Source data:
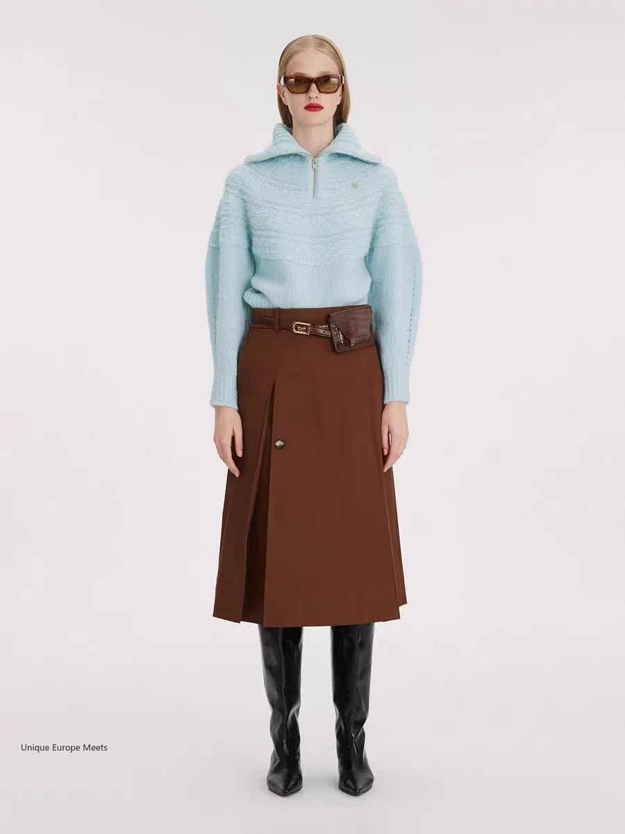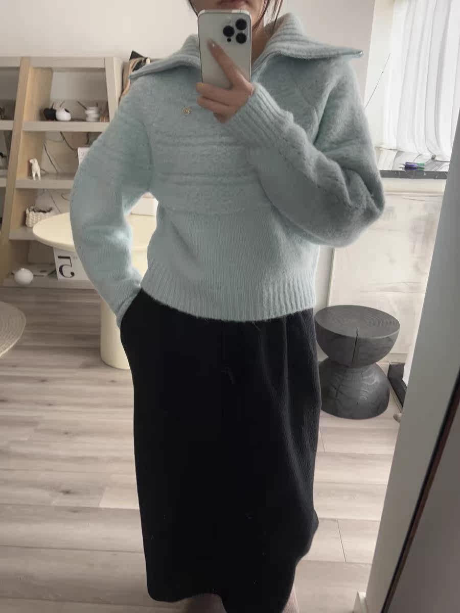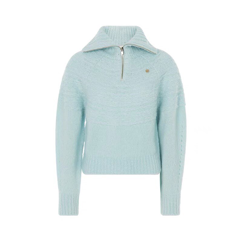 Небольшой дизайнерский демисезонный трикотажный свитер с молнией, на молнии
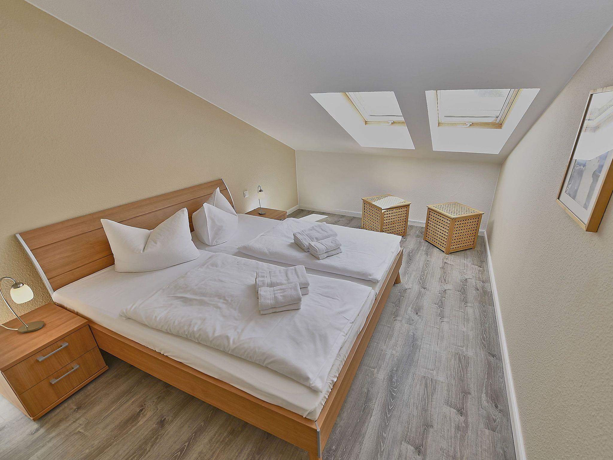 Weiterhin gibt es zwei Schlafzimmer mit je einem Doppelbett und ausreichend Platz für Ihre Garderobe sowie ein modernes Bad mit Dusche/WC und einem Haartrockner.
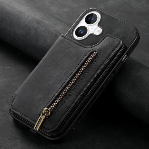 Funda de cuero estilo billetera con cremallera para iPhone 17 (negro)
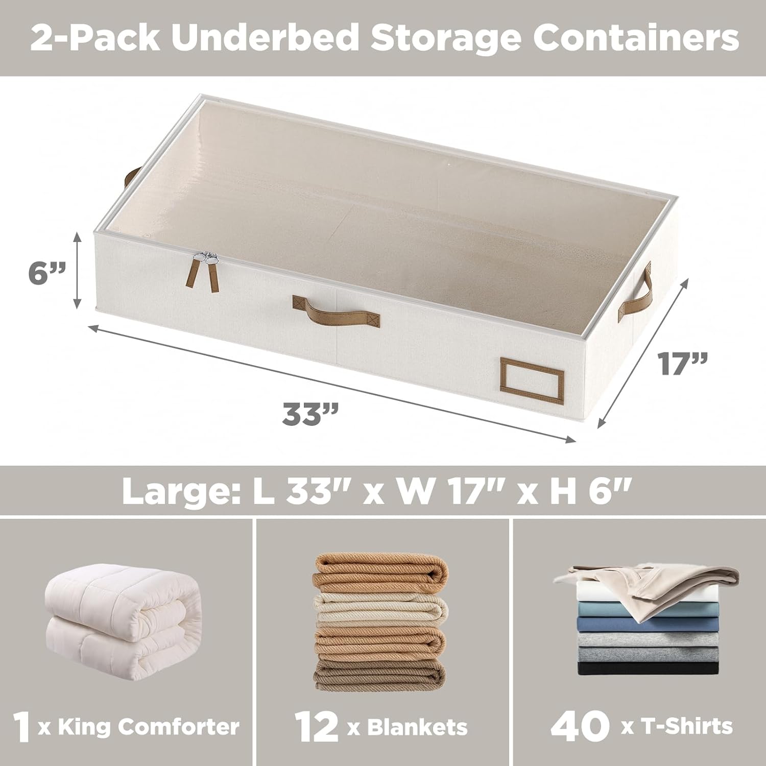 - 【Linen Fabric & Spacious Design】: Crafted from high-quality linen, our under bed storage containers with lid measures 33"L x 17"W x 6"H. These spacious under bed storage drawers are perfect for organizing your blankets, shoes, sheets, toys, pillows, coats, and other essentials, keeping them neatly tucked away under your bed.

Goal of the exercise:
Copy all of the listing word for word, minus the images.

Task solution:
 Небольшой дизайнерский демисезонный трикотажный свитер с молнией, на молнии
 Weiterhin gibt es zwei Schlafzimmer mit je einem Doppelbett und ausreichend Platz für Ihre Garderobe sowie ein modernes Bad mit Dusche/WC und einem Haartrockner.
 Funda de cuero estilo billetera con cremallera para iPhone 17 (negro)
 - 【Linen Fabric & Spacious Design】: Crafted from high-quality linen, our under bed storage containers with lid measures 33"L x 17"W x 6"H. These spacious under bed storage drawers are perfect for organizing your blankets, shoes, sheets, toys, pillows, coats, and other essentials, keeping them neatly tucked away under your bed.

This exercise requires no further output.